25. El polipéptido de la reivindicación 18, que comprende por lo menos tres péptidos inmunogénicos.

26. El polipéptido de la reivindicación 18, que comprende por lo menos cinco péptidos inmunogénicos.

27. El polipéptido de la reivindicación 18, que comprende por lo menos veinte péptidos inmunogénicos.

28. El polipéptido de la reivindicación 18, en donde por lo menos un péptido de L2 de HPV es un péptido de L2 de HPV16.

29. El polipéptido de la reivindicación 25, en donde por lo menos un péptido de L2 de HPV es un péptido de L2 de HPV18.

30. El polipéptido de la reivindicación 25, en donde por lo menos un péptido de L2 de HPV es un péptido de L2 de HPV6.

31. El polipéptido de la reivindicación 25, en donde por lo menos un péptido de L2 de HPV es un péptido de L2 de HPV45.

32. El polipéptido de la reivindicación 25, en donde un primer péptido de L2 de HPV es un péptido de L2 de HPV16 y un segundo péptido de L2 de HPV es un péptido de L2 de HPV18.

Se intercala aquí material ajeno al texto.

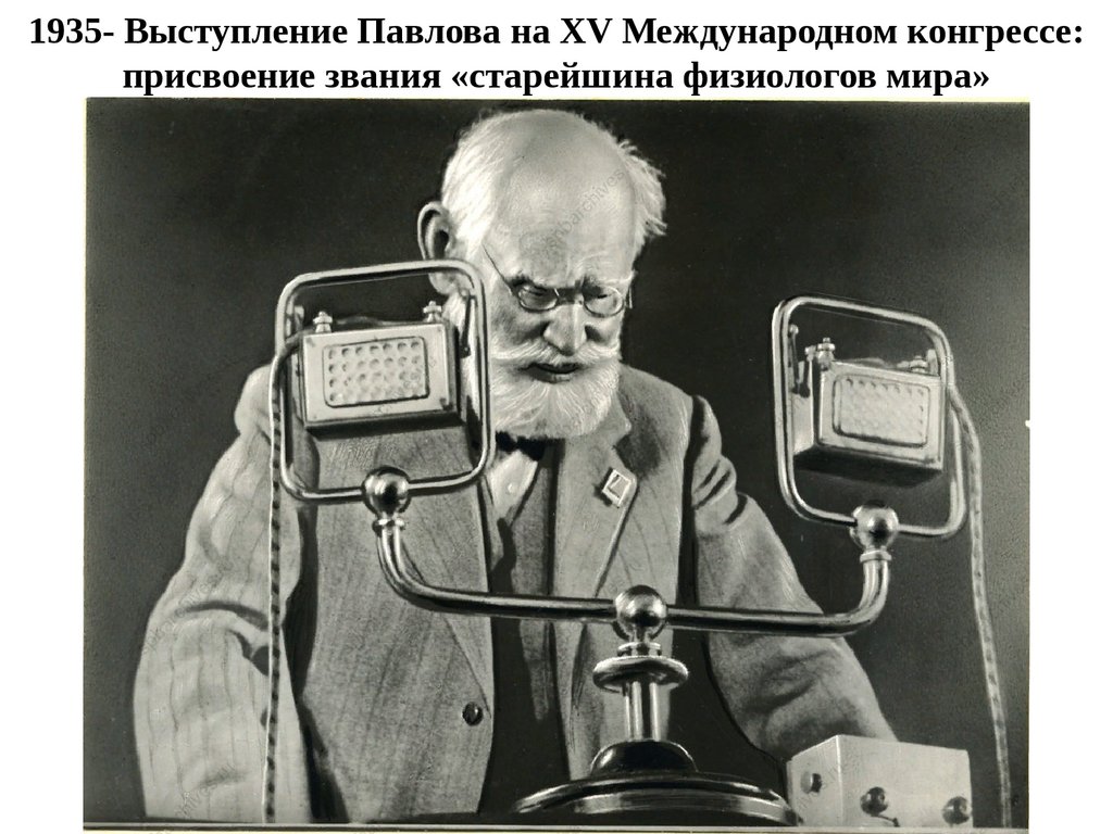 1935- Выступление Павлова на XV Международном конгрессе:присвоение звания «старейшина физиологов мира»

33. El polipéptido de la reivindicación 25, en donde un primer péptido de L2 de HPV es un péptido de L2 de HPV16 y un segundo péptido de L2 de HPV es un péptido de L2 de HPV6.

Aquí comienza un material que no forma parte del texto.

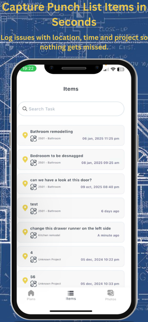 A. Most new users create their first project and pinned task in minutes. There’s no training required, open the app, upload your plans, and begin pinning.

34. El polipéptido de la reivindicación 25, en donde un primer péptido de L2 de HPV es un péptido de L2 de HPV18 y un segundo péptido de L2 de HPV es un péptido de L2 de HPV6.

35. El polipéptido de la reivindicación 25, en donde un primer péptido de L2 de HPV es un péptido de L2 de HPV16, un segundo péptido de L2 de HPV es un péptido de L2 de HPV18 y un tercer péptido de L2 de HPV es un péptido de L2 de HPV6.

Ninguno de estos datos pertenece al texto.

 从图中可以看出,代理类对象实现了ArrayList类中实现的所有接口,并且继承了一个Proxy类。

36. El polipéptido de la reivindicación 18, en donde el péptido de L2 de HPV tiene una secuencia de aminoácidos seleccionada de SEQ ID NOs:71-92, y/o SEQ ID NOs:94-106 y/o SEQ ID NOs: 110-112.

37. El polipéptido de la reivindicación 1, en donde el péptido de L2 de HPV comprende una secuencia de aminoácidos que es por lo menos 60% idéntica a la secuencia de aminoácidos de SEQ ID NO: 93 o SEQ ID NO:107 o SEQ ID NO:108 o SEQ ID NO:109 o SEQ ID NO:113 o SEQ ID NO: 114.

38. El polipéptido de la reivindicación 1, en donde el péptido de L2 de HPV comprende una secuencia de aminoácidos que es por lo menos 70% idéntica a la secuencia de aminoácidos de SEQ ID NO: 93 o SEQ ID NO:107 o SEQ ID NO:108 o SEQ ID NO:109 o SEQ ID NO:113 o SEQ ID NO:114.

39. El polipéptido de la reivindicación 1, en donde el péptido de L2 de HPV comprende una secuencia de aminoácidos que es por lo menos 80% idéntica a la secuencia de aminoácidos de SEQ ID NO:93 o SEQ ID NO:107 o SEQ ID NO:108 o SEQ ID NO:109 o SEQ ID NO:113 o SEQ ID NO: 114.

40. El polipéptido de la reivindicación 1, en donde el péptido de L2 de HPV comprende una secuencia de aminoácidos de SEQ ID NO:93 o SEQ ID NO:107 o SEQ ID NO:108 o SEQ ID NO:109 o SEQ ID NO:113 o SEQ ID NO: 114.

41. El polipéptido de la reivindicación 18, que comprende además un péptido de L2 no de HPV.

42. El polipéptido de la reivindicación 41, en donde el péptido de L2 no de HPV es un péptido de L1 de HPV o proteína de L1 de HPV.

43. El polipéptido de la reivindicación 41, en donde el péptido de L2 no de HPV es un epitope de activación de Th, una proteína portadora o un adyuvante.

44. Un paquete que comprende un polipéptido de la reivindicación 1.

45. Un ácido nucleico que codifica un polipéptido de la reivindicación 1.

46. Una composición de partículas que comprende un polipéptido de la reivindicación 1.

47. La composición de partículas de la reivindicación 46, en donde la partícula es una partícula viral.

48. La partícula de la composición de la reivindicación 46, e donde la partícula es una partícula como virus.

49. La partícula de la composición de la reivindicación 46, en donde la partícula es una cápsida viral.

50. Un método de inducción de una respuesta inmune para un virus de papiloma, que comprende administrar una cantidad efectiva de un polipéptido aislado de la reivindicación 8.

51. El método de la reivindicación 50, en donde la respuesta inmune es una respuesta humoral inmune.

52. Un método para prevenir infección con virus de papiloma, que comprende administrar una cantidad efectiva de un polipéptido de la reivindicación 8.

53. Un paquete de una composición de tipo múltiple de la reivindicación 1.

54. Un paquete que comprende un anticuerpo que aglutina una composición de la reivindicación 1.